DATA RECORDS: Begin
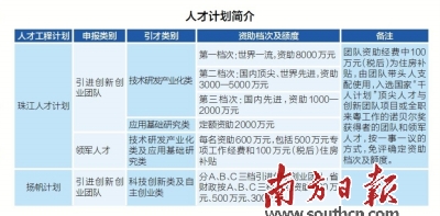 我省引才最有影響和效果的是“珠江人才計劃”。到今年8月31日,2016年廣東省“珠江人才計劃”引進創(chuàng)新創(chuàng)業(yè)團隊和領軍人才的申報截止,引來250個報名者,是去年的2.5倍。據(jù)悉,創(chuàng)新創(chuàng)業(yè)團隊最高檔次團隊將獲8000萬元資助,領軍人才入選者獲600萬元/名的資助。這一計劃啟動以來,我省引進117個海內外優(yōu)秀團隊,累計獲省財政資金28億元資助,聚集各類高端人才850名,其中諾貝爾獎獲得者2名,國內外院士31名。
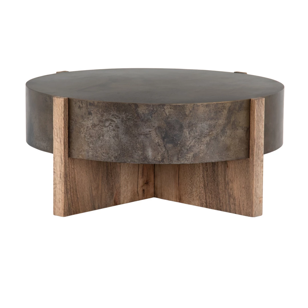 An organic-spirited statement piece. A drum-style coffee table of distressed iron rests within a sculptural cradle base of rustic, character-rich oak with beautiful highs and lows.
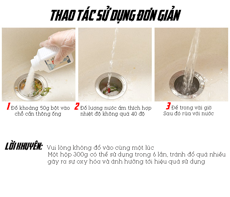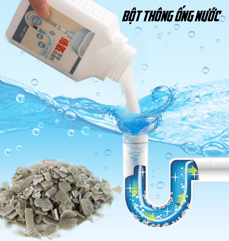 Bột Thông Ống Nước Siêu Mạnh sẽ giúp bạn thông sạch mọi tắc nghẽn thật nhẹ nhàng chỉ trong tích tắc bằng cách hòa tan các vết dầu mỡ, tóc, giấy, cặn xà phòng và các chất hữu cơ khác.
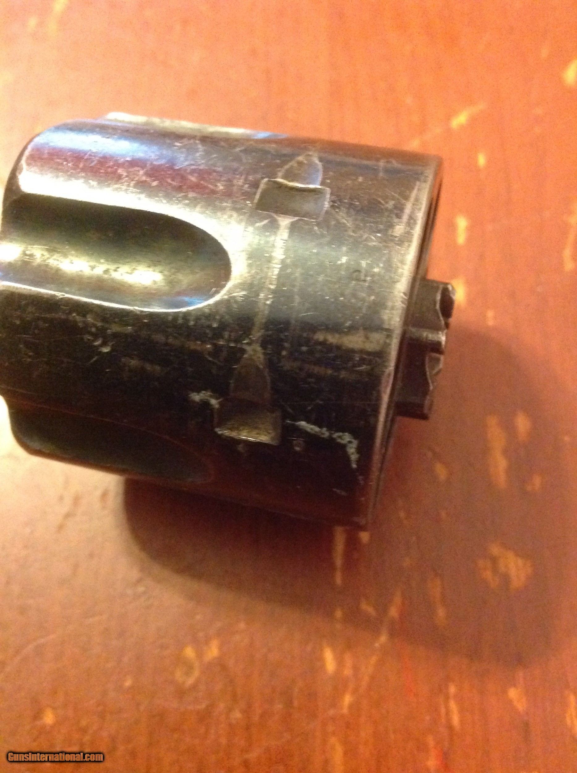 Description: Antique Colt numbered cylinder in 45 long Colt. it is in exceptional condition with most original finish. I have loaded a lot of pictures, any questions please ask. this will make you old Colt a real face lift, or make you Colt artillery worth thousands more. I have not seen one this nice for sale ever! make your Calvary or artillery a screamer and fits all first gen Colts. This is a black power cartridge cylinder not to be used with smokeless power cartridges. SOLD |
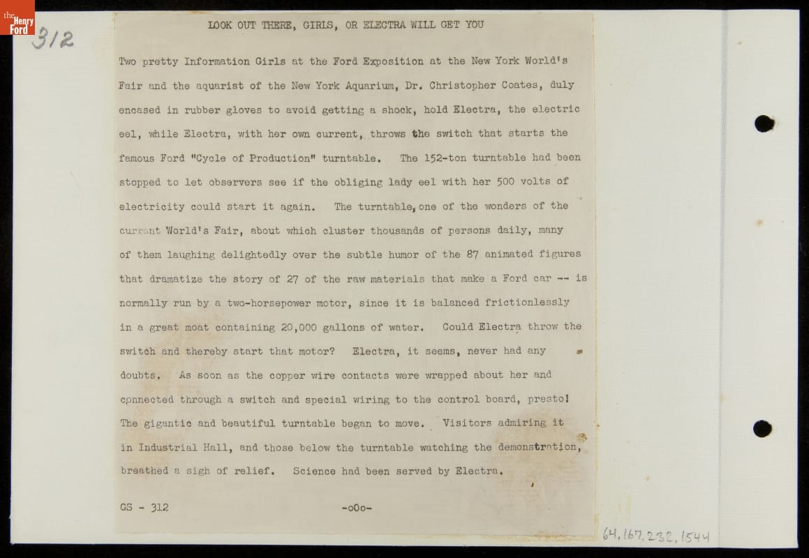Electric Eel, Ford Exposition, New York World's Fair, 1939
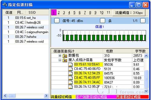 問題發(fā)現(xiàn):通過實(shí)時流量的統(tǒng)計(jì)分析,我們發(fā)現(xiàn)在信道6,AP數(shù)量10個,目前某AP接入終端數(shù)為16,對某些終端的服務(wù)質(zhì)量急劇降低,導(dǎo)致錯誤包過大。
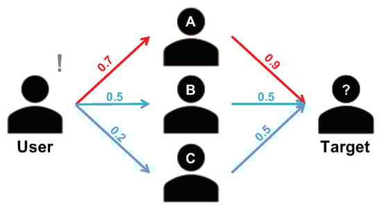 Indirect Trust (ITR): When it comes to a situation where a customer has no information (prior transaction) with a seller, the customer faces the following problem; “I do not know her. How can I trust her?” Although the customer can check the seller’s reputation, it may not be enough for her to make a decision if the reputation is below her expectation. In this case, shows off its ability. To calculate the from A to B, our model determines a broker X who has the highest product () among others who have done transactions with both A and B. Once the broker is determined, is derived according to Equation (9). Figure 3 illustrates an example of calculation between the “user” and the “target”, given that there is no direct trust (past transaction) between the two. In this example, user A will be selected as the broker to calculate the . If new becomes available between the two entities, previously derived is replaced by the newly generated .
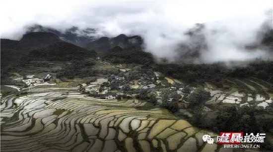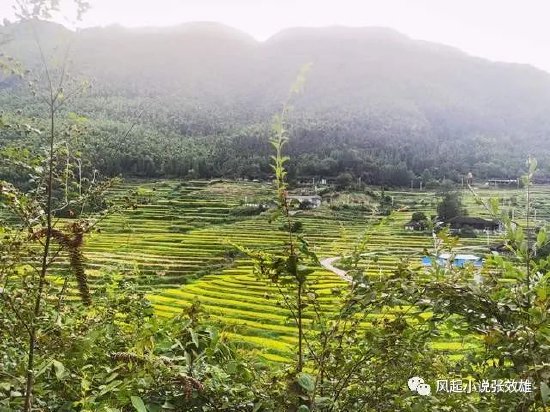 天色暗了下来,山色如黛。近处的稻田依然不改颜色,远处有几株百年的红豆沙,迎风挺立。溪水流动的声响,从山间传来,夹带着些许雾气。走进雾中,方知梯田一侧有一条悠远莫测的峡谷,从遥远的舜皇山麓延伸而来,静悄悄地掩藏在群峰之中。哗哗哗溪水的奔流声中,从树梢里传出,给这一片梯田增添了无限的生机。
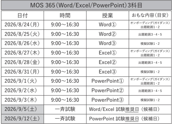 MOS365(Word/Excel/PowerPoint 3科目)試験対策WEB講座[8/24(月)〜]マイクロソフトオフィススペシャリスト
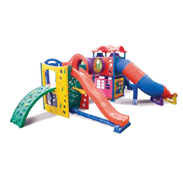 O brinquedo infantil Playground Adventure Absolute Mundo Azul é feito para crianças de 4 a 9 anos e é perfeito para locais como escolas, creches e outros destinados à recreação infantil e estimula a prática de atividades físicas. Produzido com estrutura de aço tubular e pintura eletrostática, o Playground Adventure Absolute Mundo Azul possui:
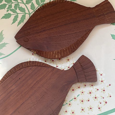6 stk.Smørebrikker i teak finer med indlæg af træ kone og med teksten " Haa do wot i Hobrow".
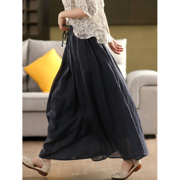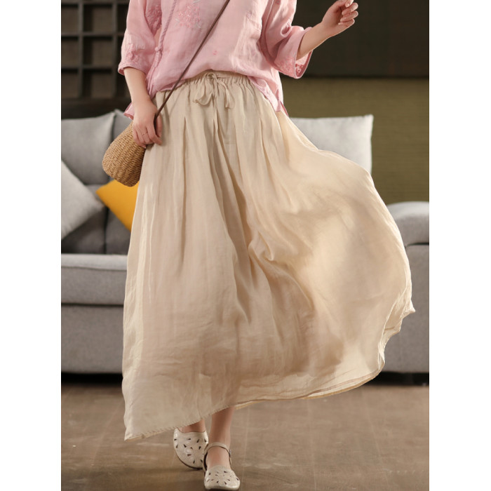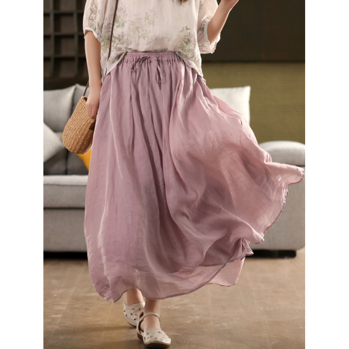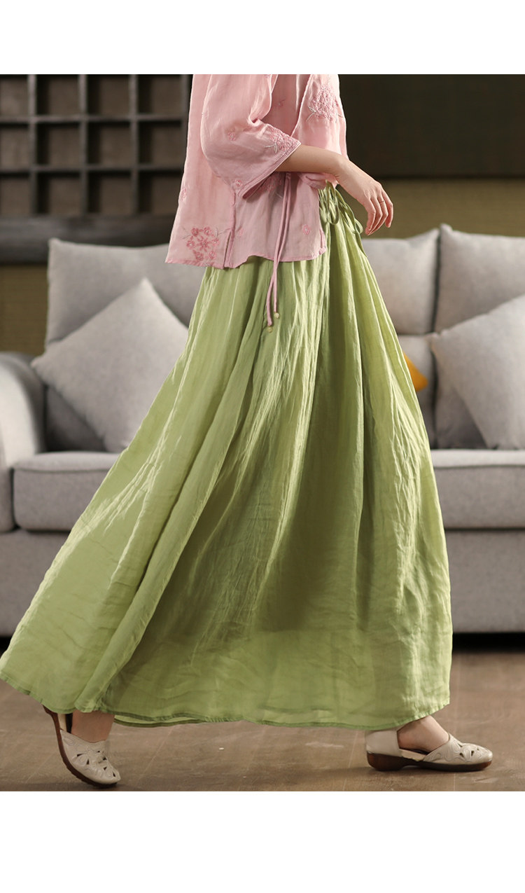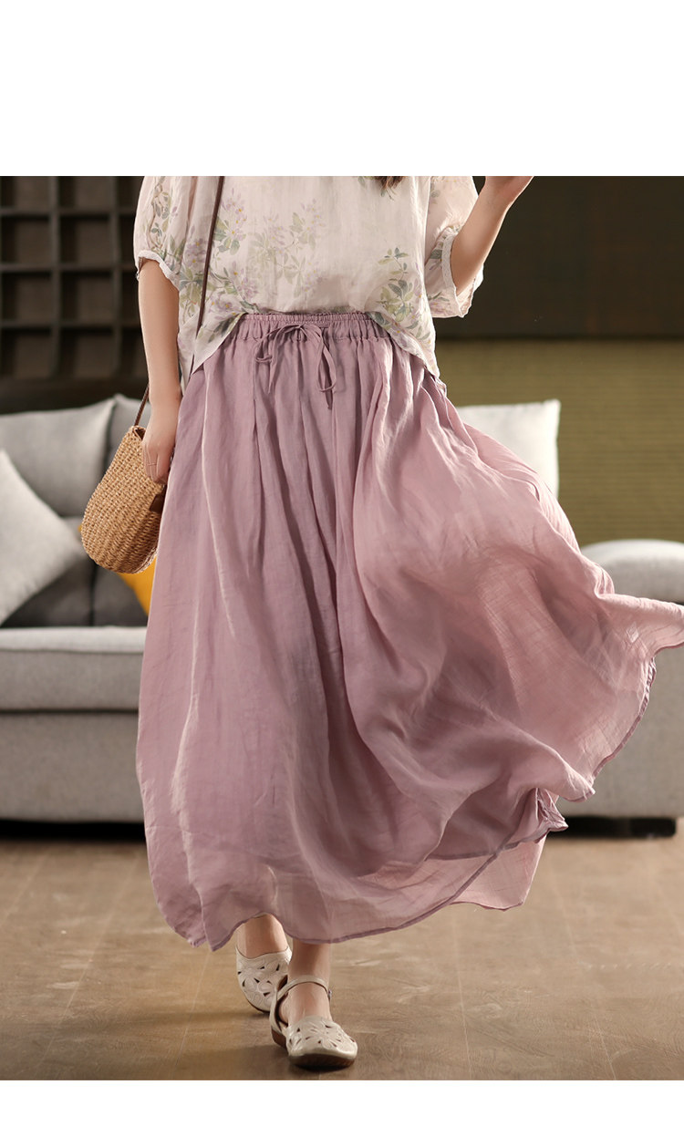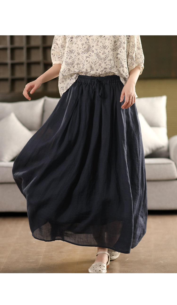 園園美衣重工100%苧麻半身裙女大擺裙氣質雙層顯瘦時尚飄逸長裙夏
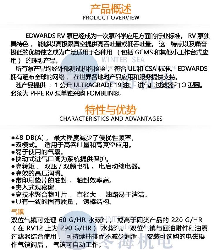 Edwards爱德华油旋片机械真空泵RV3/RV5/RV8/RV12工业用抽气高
DATA RECORDS: End
▶ _WORK ITEM_: Repeat exactly the lines from the one containing "6 stk.Smørebrikker i" to the last line of the records above, including both, and leave out any pictures.

▶ _RESULT OF THIS EXERCISE_:
6 stk.Smørebrikker i teak finer med indlæg af træ kone og med teksten " Haa do wot i Hobrow".
 園園美衣重工100%苧麻半身裙女大擺裙氣質雙層顯瘦時尚飄逸長裙夏
 Edwards爱德华油旋片机械真空泵RV3/RV5/RV8/RV12工业用抽气高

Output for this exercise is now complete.